Biotechs live and die by the speed at which they can draw meaningful conclusions about the biology of their drug candidates and their interaction with disease models. But understanding “how good” a drug candidate is requires synthesizing data, analysis and expert interpretation across these boundaries. The already challenging team orchestration problems involved in building such layered images of drug viability are compounded by the rise of sequencing, proteomics and imaging as standard tools to interrogate new biology. These new methods spit out streams of large data, mostly uninterpretable in their raw form, that need to be processed with large computers and integrated with traditional biochemical assays.

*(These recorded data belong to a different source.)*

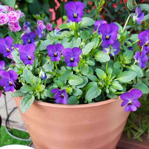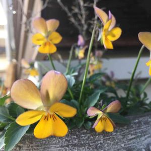 春からずっと元気な極小輪ビオラのフィーリーちゃん 切り戻しのタイミングがつかめなくて放置してるからワサワサしてるけど自由奔放も悪くないかな😊
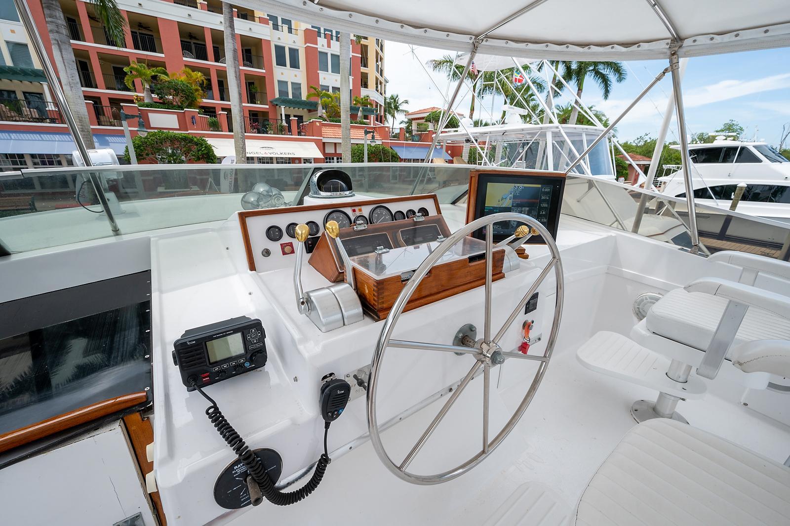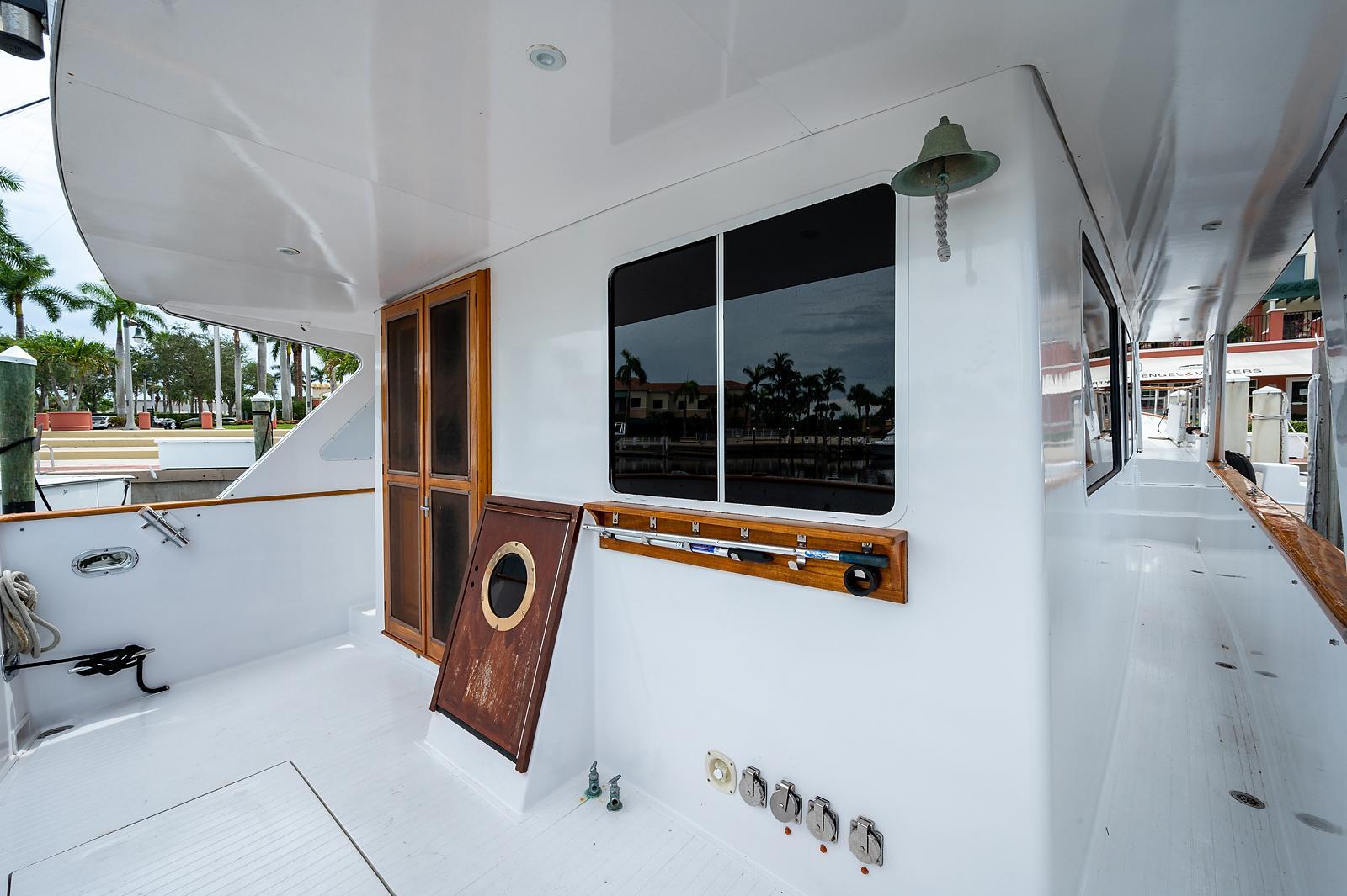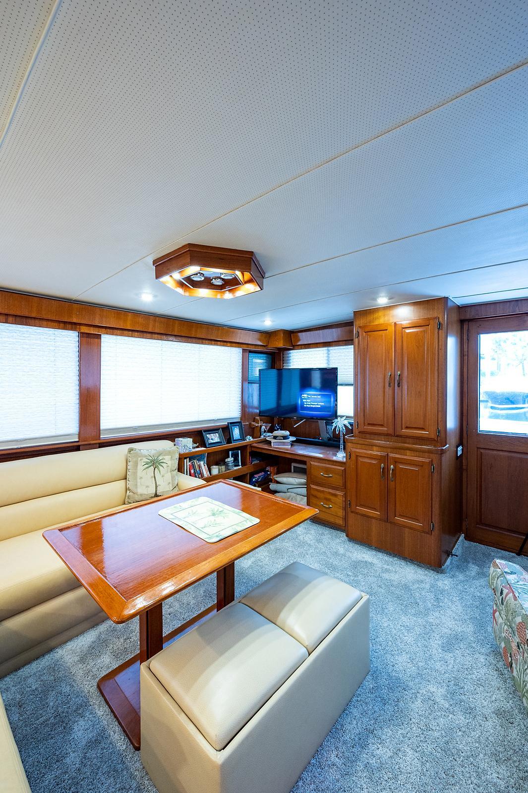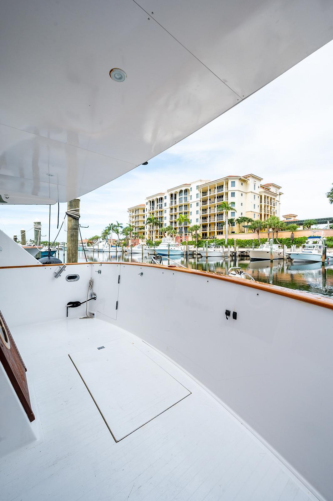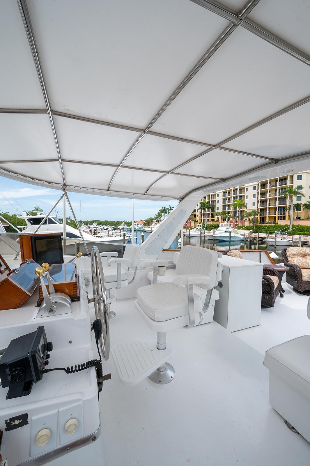 The flybridge offers a fully appointed, centerline helm, guest seating an open-air lounging area on the boat deck amidships, and the dinghy on davit aft. Engine room access is provided through a centerline door in the cockpit area. There are full walkaround decks which are covered as is the cockpit. 6'4" Cabin Headroom.
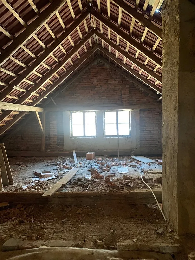 Druhá stavba blíž u řeky je podsklepená a má dvě nadzemní podlaží a podkroví pod sedlovou střechou. Má vybourané příčky a podlahy a je připravena na rekonstrukci dle záměrů nového majitele. Jedná se o ideální prostor pro penzion anebo velkou rodinu.
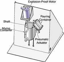 During this process, the operation of the automated blending machine is controlled by a program executed on a personal computer. The program activates the explosion-proof motor, which rotates the shaft/impeller assembly. The program also activates a pneumatic actuator that tilts the pouring container to pour the active propellant materials into the acetone/hexane/fluoroelastomer solution in the mixing container.

There is clearly a need for some platform to centralize and integrate different streams of experimental data for biological consensus across teams at each biotech, but it is important to first acknowledge the simplicity and the power of this goal. We are not looking for some magic machine learning component to extract hidden insight from experimental data that is beyond the rational interpretation of a trained scientist or some mathematical technique to tell us how to design programs and drugs. The need is for basic software plumbing - a platform that can answer questions such as “given this set of sequencing runs and biochemical experiments on this and that day, what were their processed readouts” and do it in a way where any team at any time with any level of computational fluency can ask and understand.
A seasoned leader of a biotech organization will immediately appreciate the impact on the speed and quality of R&D from a platform that delivers on this goal. Instant access to data breeds an environment of autonomous and rapid hypothesis generation as scientists no longer have to worry about the “how” of acquiring data, by tracking down the right person or playing email tag with the bioinformatics core, but can focus on and play with the data itself. This leads not only to faster analysis but fundamentally new classes of insights as the ability to retrieve historic experiments and layer different experimental modalities, eg. looking at a consensus between qPCR, bulk RNA-seq and flow cytometry, create richer images of the biomolecular systems under study. A single platform also encourages free-flowing collaboration amongst teams as it is a shared and familiar medium for all.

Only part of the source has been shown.